Review Article | Open | Published:

From a retrovirus infection of mice to a long noncoding RNA that induces proto-oncogene transcription and oncogenesis via an epigenetic transcription switch

Signal Transduction and Targeted Therapy volume 1, Article number: 16007 (2016) | Download Citation


Here I review the properties of the mouse retroelement VL30-1, which apparently derived from retrotranspostions of a founder VL30 retrovirus that infected the mouse germline after the mouse–human speciation. The VL30-1 gene is transcribed as a long noncoding RNA (lncRNA) with an essential host function in an epigenetic transcription switch (ETS) that regulates transcription of multiple genes, including proto-oncogenes that control cell proliferation and oncogenesis. The ETS involves the tumor suppressor protein PSF that has a DNA-binding domain (DBD) and two RNA-binding domains (RBDs). The DBD binds to promoters that have a DBD-binding sequence and switches off transcription, and the RBDs bind lncRNAs that have a RBD-binding sequence, releasing PSF and switching on transcription. VL30-1 lncRNA has two RBD-binding sequences, apparently acquired by mutations during retrotranspositions of the founder retrovirus, which drive proto-oncogene transcription and oncogenesis via the ETS. VL30-1 lncRNA is a seminal example of the key role of endogenous retroviruses (ERVs) and their retroelements in the evolution of transcription regulatory systems.

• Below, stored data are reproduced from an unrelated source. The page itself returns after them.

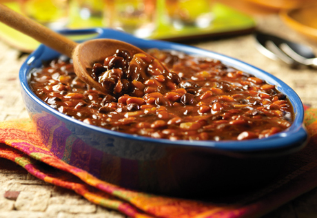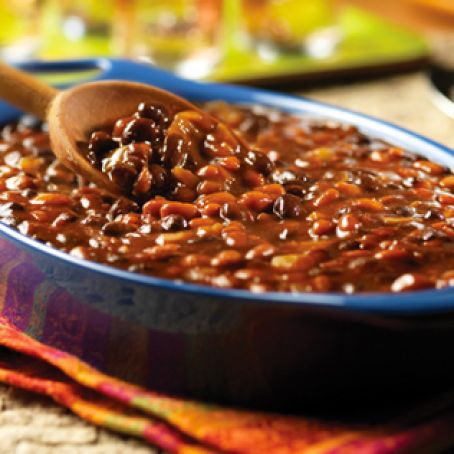 Stir the picante sauce, molasses, mustard, pork and beans and black beans in the saucepan and heat to a boil. Reduce the heat to low. Cook for 5 minutes or until the mixture is hot and bubbling.
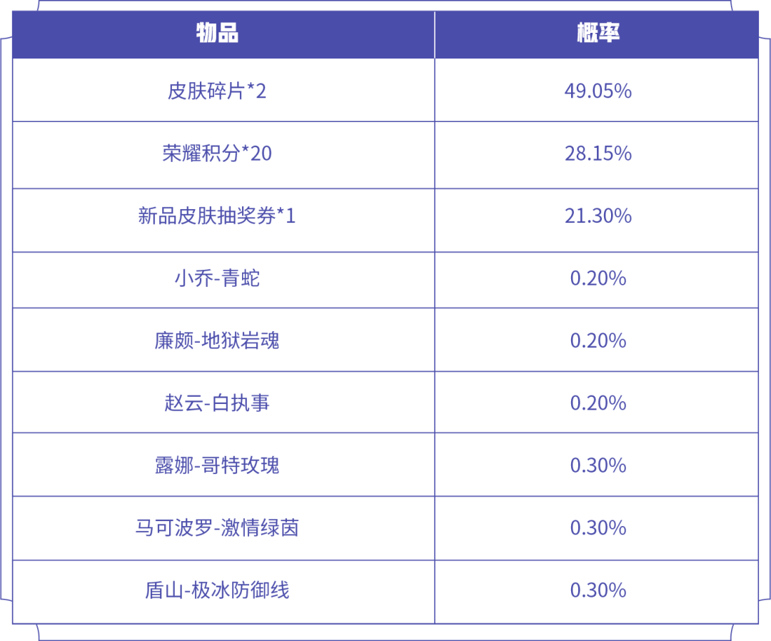 皮肤碎片&积分自选礼盒:打开礼包可任意选择以下奖励之一,荣耀积分*10或皮肤碎片*1
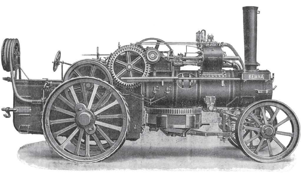 Abbildung 2. Selbstfahrenden Lokomobile Kemna (Deutschland) mit einer unter dem Dampfkessel montierten Seilwinde (Černý, 1926)
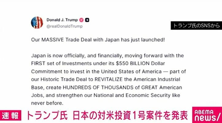 アメリカのトランプ大統領は日本が約束した対米投資について、1号案件となる3つの事業が決定したと発表しました。
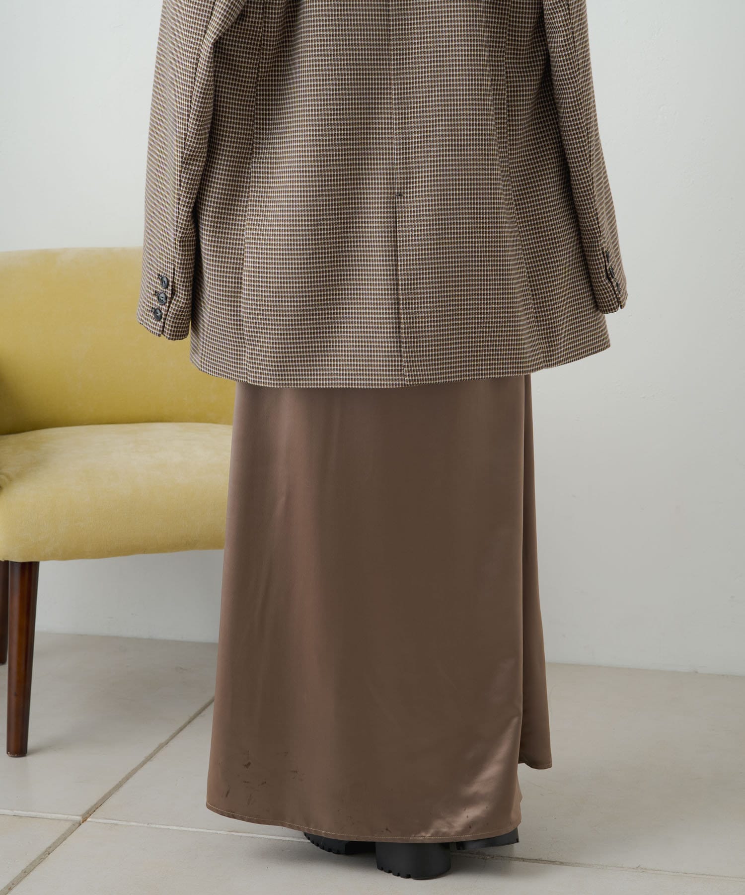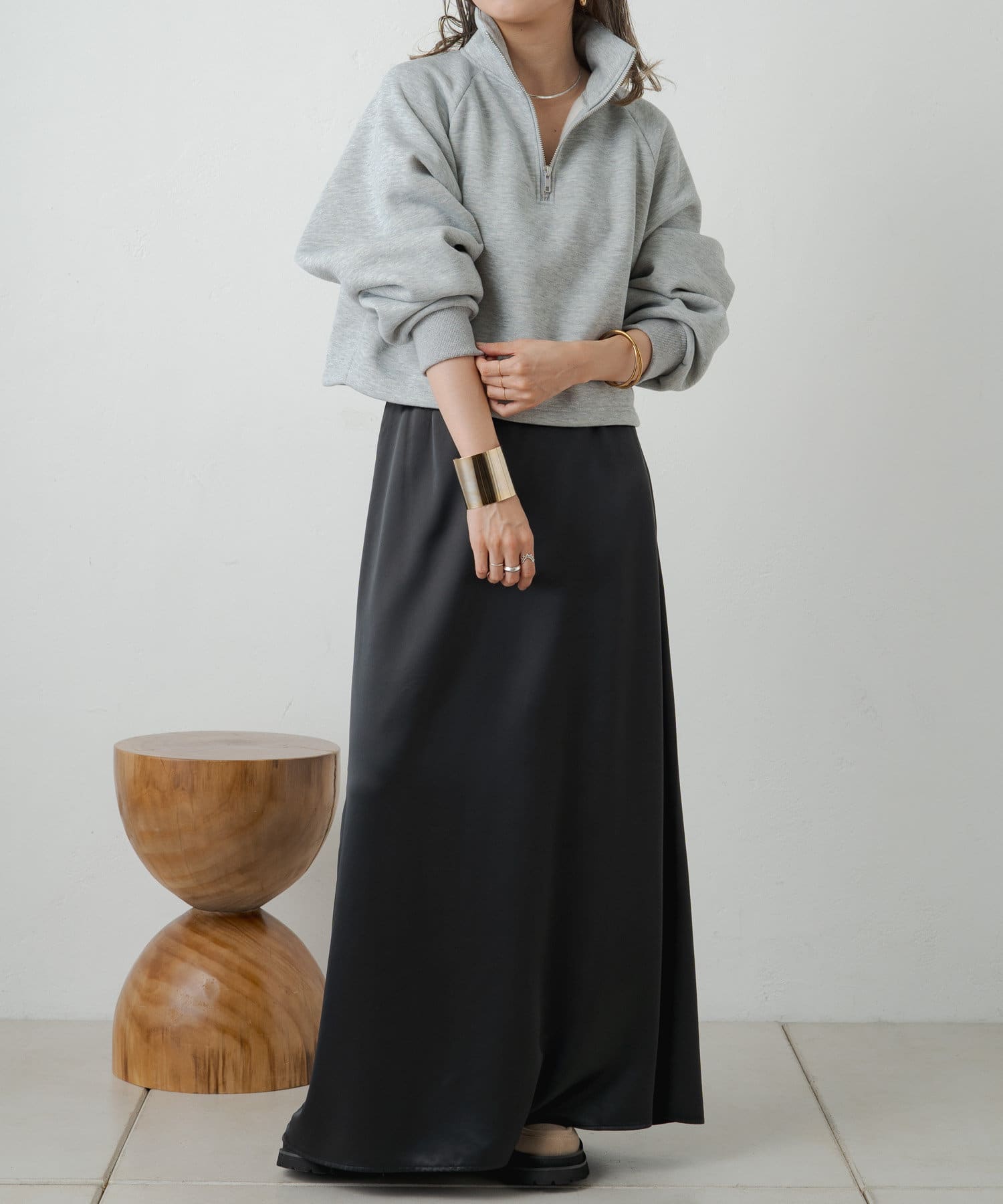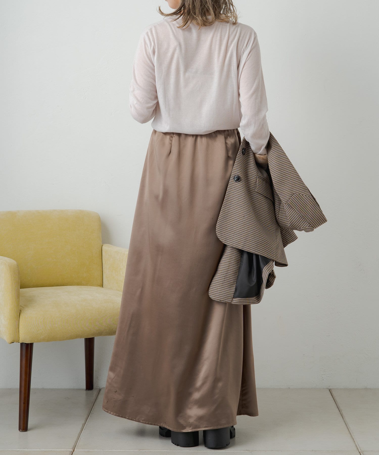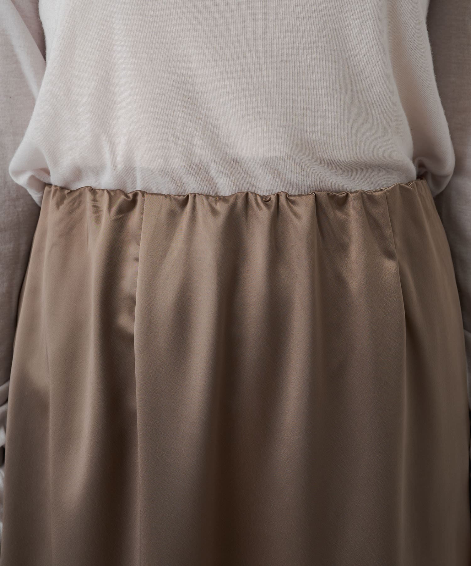 ・光沢感が華やかなサテンスカート、揺れ動くたびに優美で女性らしいシルエットを演出してくれます。
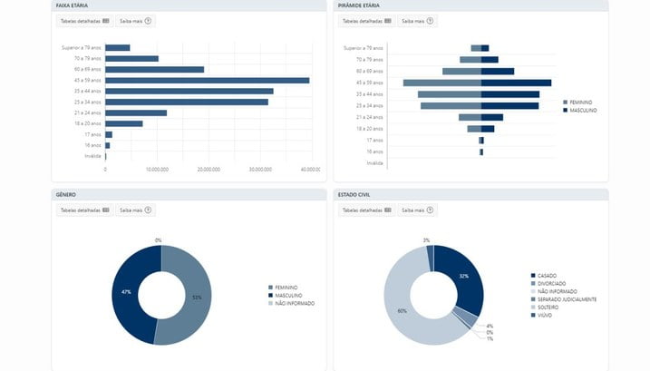 MaisO Tribunal Superior Eleitoral (TSE) disponibiliza ao público a plataforma de estatísticas eleitorais. Nela é possível obter dados sobre candidaturas, mesários, eleitorado, prestação de contas, processos, além de outros números. Ferramenta disponibiliza
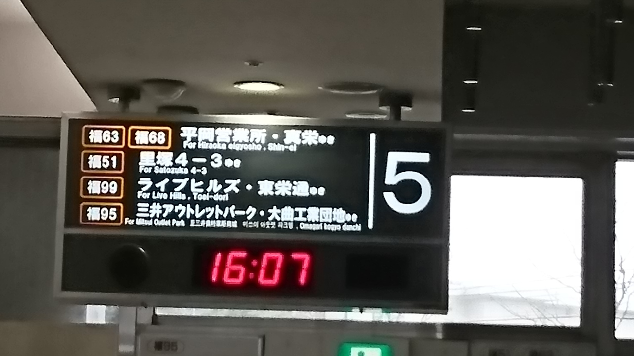 札幌市郊外のバスターミナル。地下鉄東豊線の福住駅と直結しており、美しが丘や羊ヶ丘、大谷地、北広島なとをはじめ周辺地域向けのバス路線のほか、新千歳空港への連絡バスや三井アウトレットパークも発着しています。空港連絡バスや三井アウトレットパーク行きのバスは札幌市内からも発着していますが、国道36号線は昼間でも混雑することが多いので、こちらを経由するルートの方が時間は確実です。地下鉄の改札口からは少し歩きますが、イトーヨーカドー福住店とも直結しており、2階への直通エスカレーターもあり便利。北海道だけあって自動ドアで仕切られているので、寒さには強い。

The operon model of gene regulation, a founding concept of molecular biology proposed by Jacob and Monod in 1961 based on their studies with Escherichia coli,1 focused attention on protein-coding genes as the fundamental functional component of all genomes, as affirmed in Monod’s statement that ‘anything found to be true for E. coli must also be true for the elephant.’ Although it was known that mammalian genomes also contained DNA that did not encode any proteins, such DNA was usually called useless or selfish.2,3 The revelation from whole-genome sequencing that protein-coding genes comprise only a minuscule part of a mammalian genome, ~2% of the human and mouse genomes,4,​5,​6 was a wake-up call to understand how most of the genomic DNA survived evolutionary selection for the fittest organisms. An associated revelation was that ~8–10% of the human and mouse genomes consist of ERVs presumably derived from retroviral infections of the mammalian germlines.7,​8,​9 An ERV initially functions as a selfish DNA that integrates at multiple genomic sites via successive cycles of duplicative retrotansposition (DRT), involving integration, transcription, reverse transcription and integration at another genomic site, which must eventually be suppressed in order for the host to survive, while the ERV must acquire a beneficial host function to survive as a component of the host genome.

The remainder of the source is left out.